If no such value exists (all elements equal), return -1.

// Sort ascending, then scan backwards past all copies of the largest
// to find the first strictly smaller value — the second distinct maximum.
// Time: O(n log n)  Space: O(n)
fn second_largest_naive(numbers: &[i64]) -> i64 {
    if numbers.len() < 2 {
        return -1;
    }
    let mut sorted: Vec<i64> = numbers.to_vec();
    sorted.sort();
    let largest: i64 = *sorted.last().unwrap();
    for &val in sorted.iter().rev().skip(1) {
        if val != largest {
            return val;
        }
    }
    -1
}

Time — O(n log n)

Sorting dominates; the reverse scan is O(n).

Space — O(n)

The sorted copy stores n elements.

Time: sorting the full array is overkill when only the top two distinct values matter.

Space: the sorted vector duplicates the input in memory.

Next step: find the largest in one scan, then the best non-largest in a second scan.

Two-Pass Solution

Pass 1: scan once to find largest = numbers.iter().max().

Pass 2: scan again. Ignore any value equal to largest. Track the maximum of the remaining values as second_largest.

If no value survives pass 2 (all elements equal to largest), return -1.

// Two-pass: find max first, then scan for the largest value strictly below it
fn second_largest_two_pass(numbers: &[i64]) -> i64 {
    if numbers.len() < 2 {
        return -1;
    }
    let largest = *numbers.iter().max().unwrap();
    let mut second_largest = i64::MIN;
    for &number in numbers {
        if number != largest && number > second_largest {
            second_largest = number;
        }
    }
    if second_largest == i64::MIN {
        -1
    } else {
        second_largest
    }
}

Time — O(n)

Pass 1: O(n) for max(). Pass 2: another O(n) scan → O(n) total.

Space — O(1)

Only largest and second_largest scalars — no extra collection.

Tradeoff: linear time, but the array is walked twice. Can we track both extrema in a single pass?

Optimal Solution

Maintain two variables in one left-to-right scan:

  • first_largest — best value seen so far
  • second_largest — best value strictly below first_largest

For each number:

  1. If number > first_largest: demote old first to second, promote number to first.
  2. Else if first_largest > number && number > second_largest: update second only.

After the scan, return second_largest if it was updated from i64::MIN; otherwise -1.

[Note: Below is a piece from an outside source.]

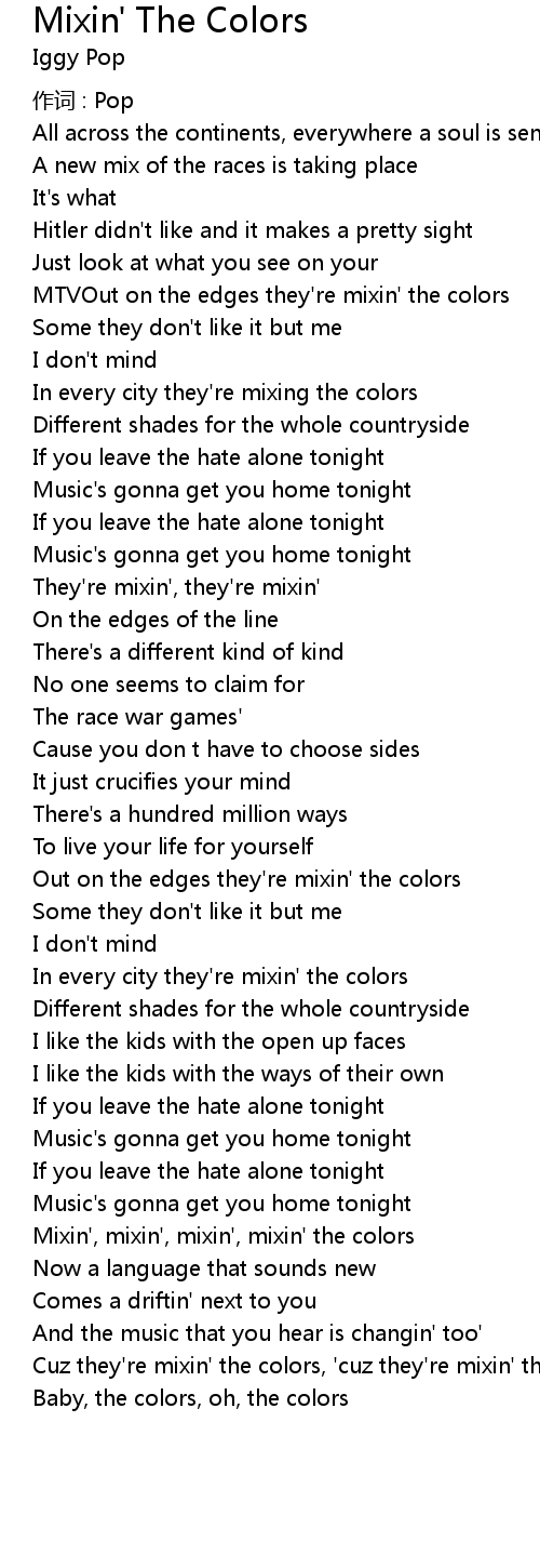 | Cuz they're mixin' the colors, 'cuz they're mixin' the colors | |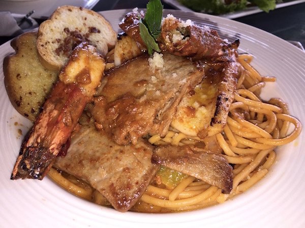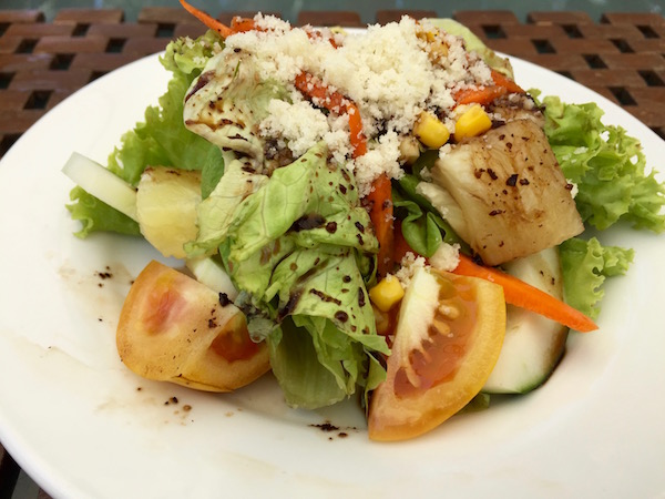 Volvimos al hotel para almorzar, estos días en la playa iban a ser terribles, no íbamos a ir con unos kilos de más. Almorzamos en el hotel una ensalada de salmón, dos platos de pastas, de postre, unas porciones de sandía, de bebida, una coca cola, una jarra de agua. Pagamos un total de 1.900,73 pesos filipinos (31,19 € aproximadamente).

// Optimal: single pass tracking first and second distinct maximums
fn second_largest_optimal(numbers: &[i64]) -> i64 {
    if numbers.len() < 2 {
        return -1;
    }
    let mut first_largest = i64::MIN;
    let mut second_largest = i64::MIN;
    for &number in numbers {
        if number > first_largest {
            second_largest = first_largest;
            first_largest = number;
        } else if first_largest > number && number > second_largest {
            second_largest = number;
        }
    }
    if second_largest == i64::MIN {
        -1
    } else {
        second_largest
    }
}

Time — O(n)

Single pass: each element handled once with O(1) comparisons → O(n).

Space — O(1)

Two scalar variables only — no sorted buffer.

Result: same correctness as naive and two-pass, with O(n) time, O(1) space, and one scan instead of two.